The function of LLPS in regulating genome organization. a The chromatin undergoes LLPS in physiologic salt, which is driven by the positively charged histone tails. Several factors can regulate the formation or properties of chromatin condensates, including the linker DNA length, histone H1, and histone acetylation. b The multivalent interactions between histone modifications and its readers have driven the formation of heterochromatin condensates. Heterochromatin protein 1 (HP1) contains a chromodomain (CD), a chromo shadow domain, and three disordered regions: N-terminal extension, hinge, and C-terminal extension. The HP1 dimer can interact with SUV39H1 (an H3K9me2/3 writer) and TRIM28 (an HP1 scaffolding protein) to form the SUV39H1/HP1 complex and TRIM28/HP1 complex, respectively. As these complexes contain multiple CDs that can interact with H3K9me2/3, they can phase-separate with the H3K9me2/3-marked nucleosome arrays to form condensates by multivalent interactions

Eukaryotic chromosomes contain various functional compartments, which are marked by specific histone modifications.75 Constitutive heterochromatin is a largely silent chromosome compartment, which is enriched with H3K9me2/3.76 The H3K9me3 reader protein is heterochromatin protein 1 (HP1), which contains a chromodomain (CD), a chromo shadow domain (CSD), and three disordered regions, i.e., the N-terminal extension (NTE), hinge, and C-terminal extension (CTE). The CD can bind to H3K9me3, whereas CSD contributes to the dimerization of HP1; the hinge region with patches of positively charged lysines is responsible for binding to DNA or RNA (Fig. 5b).77 Recently, Strom et al. found that the HP1 homolog in Drosophila, i.e., HP1a can form liquid-like condensates in vitro at higher concentrations under physiological conditions, which may mediate the heterochromatin domain formation in early Drosophila embryos.22 In mammals, there are three types of HP1 homologs, i.e, HP1α, HP1β, and HP1γ.77 Of these, only HP1α can undergo LLPS in vitro at high concentrations and low salt concentrations, which is driven by its disordered NTE and hinge region.

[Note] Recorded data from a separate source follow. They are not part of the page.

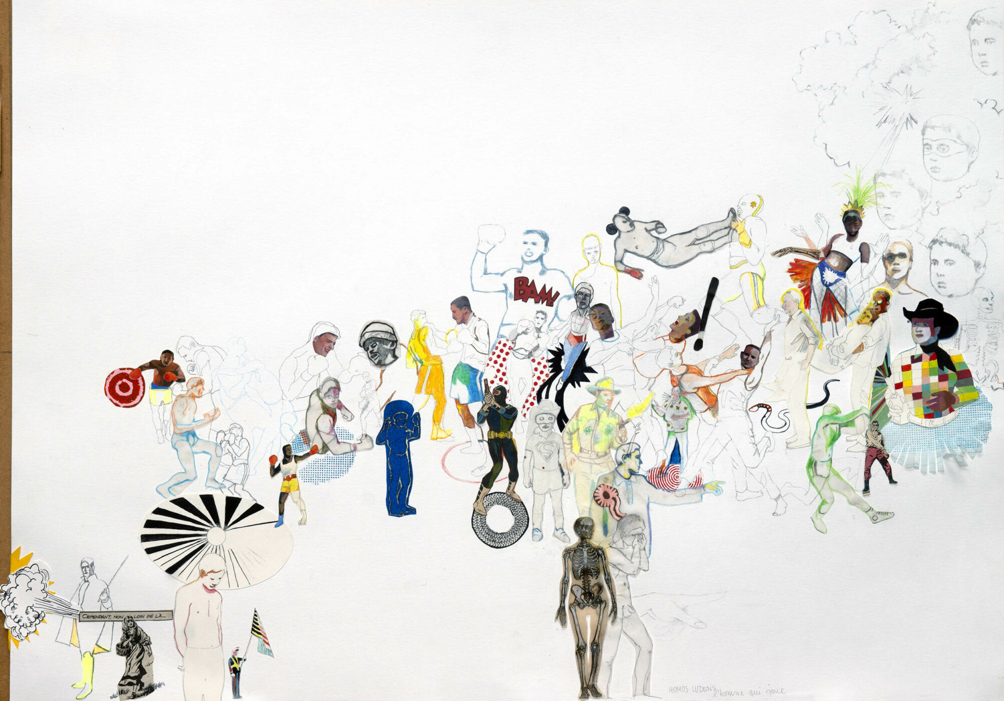 NO ONE PRESSED THE PANIC BUTTON mixed media on paper 145X75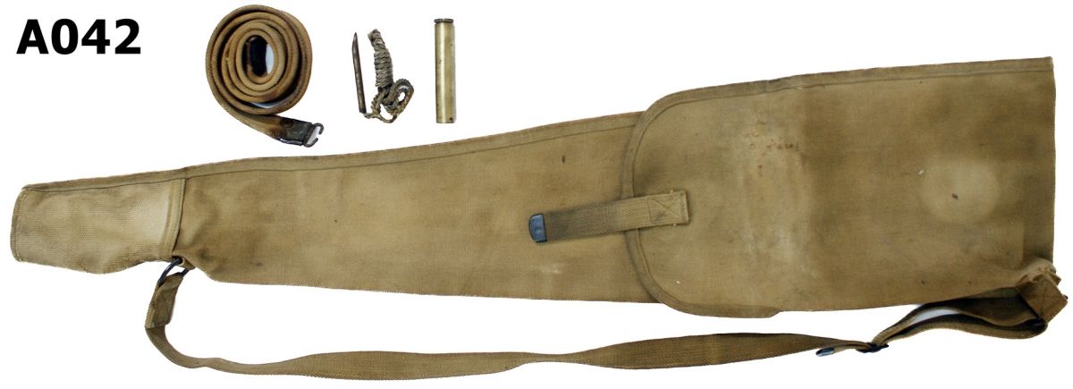 Includes brass oil bottle. cleaning cord. webbing sling and canvas rifle bag.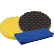 Sættet indeholder: 1 stk. Gul vaflet skum rubbingrondel, Ø180 mm 1 stk. Sort vaflet skum voksrondel, Ø180 mm 1 stk. Mikrofiberklud 40 x 38 cm
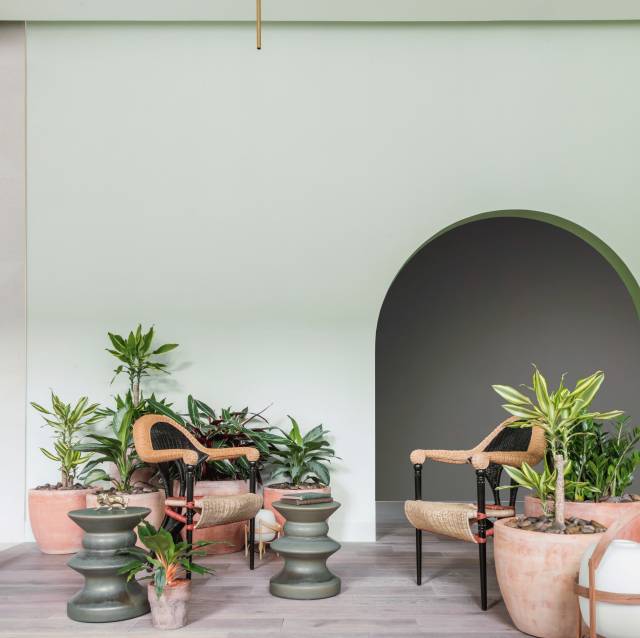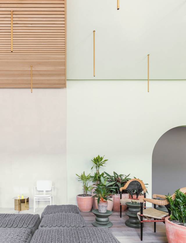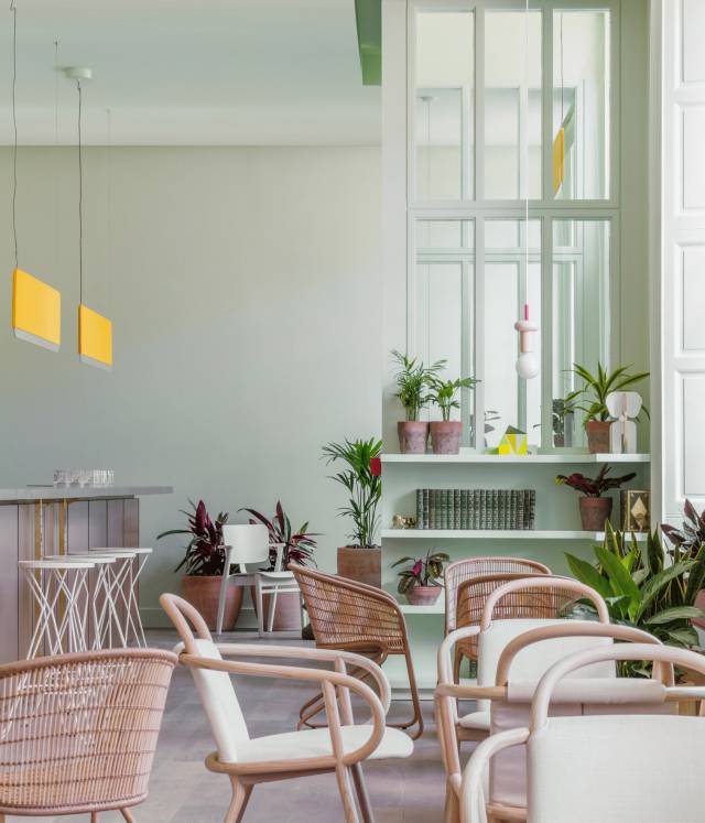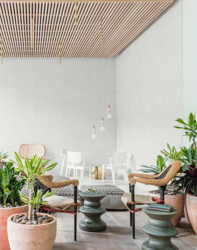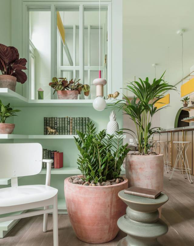 在一樓的咖啡廳和酒吧區,綠色的墻壁配有各種針織地板墊,定制的柳條家具,裝滿了綠色植物的陶罐點綴在期間,讓整個房間都更加溫暖起來。

Interestingly, over time, the HP1α condensates will reduce and exhibit gel-like properties.24 This is consistent with the function of HP1, which is to mediate gene silencing in the constitutive heterochromatin regions by inhibiting the binding of transcription factors to DNA. Both phosphorylation of NTE and the addition of nucleic acid can promote the formation of HP1α condensates. Additionally, when the lysine in the hinge region is mutated to an uncharged amino acid, the ability of HP1α to phase-separate is significantly reduced.24 These results indicate that the HP1α phase separation may be mediated by weak electrostatic interactions. In addition to electrostatic interactions, Wang et al. showed that the interactions between CD and H3K9me2/3 can also contribute to the LLPS of HP1 (Fig. 5b).78 The HP1 dimer can interact with SUV39H1 (an H3K9me2/3 writer) and TRIM28 (an HP1 scaffolding protein) to form the SUV39H1/HP1 complex and TRIM28/HP1 complex, respectively.79,80,81,82 As these complexes contain multiple CDs that can interact with H3K9me2/3, they can phase-separate with the H3K9me2/3-marked nucleosome arrays to form condensates by multivalent interactions. This review may provide a framework for researching the relationship between LLPS and epigenetics.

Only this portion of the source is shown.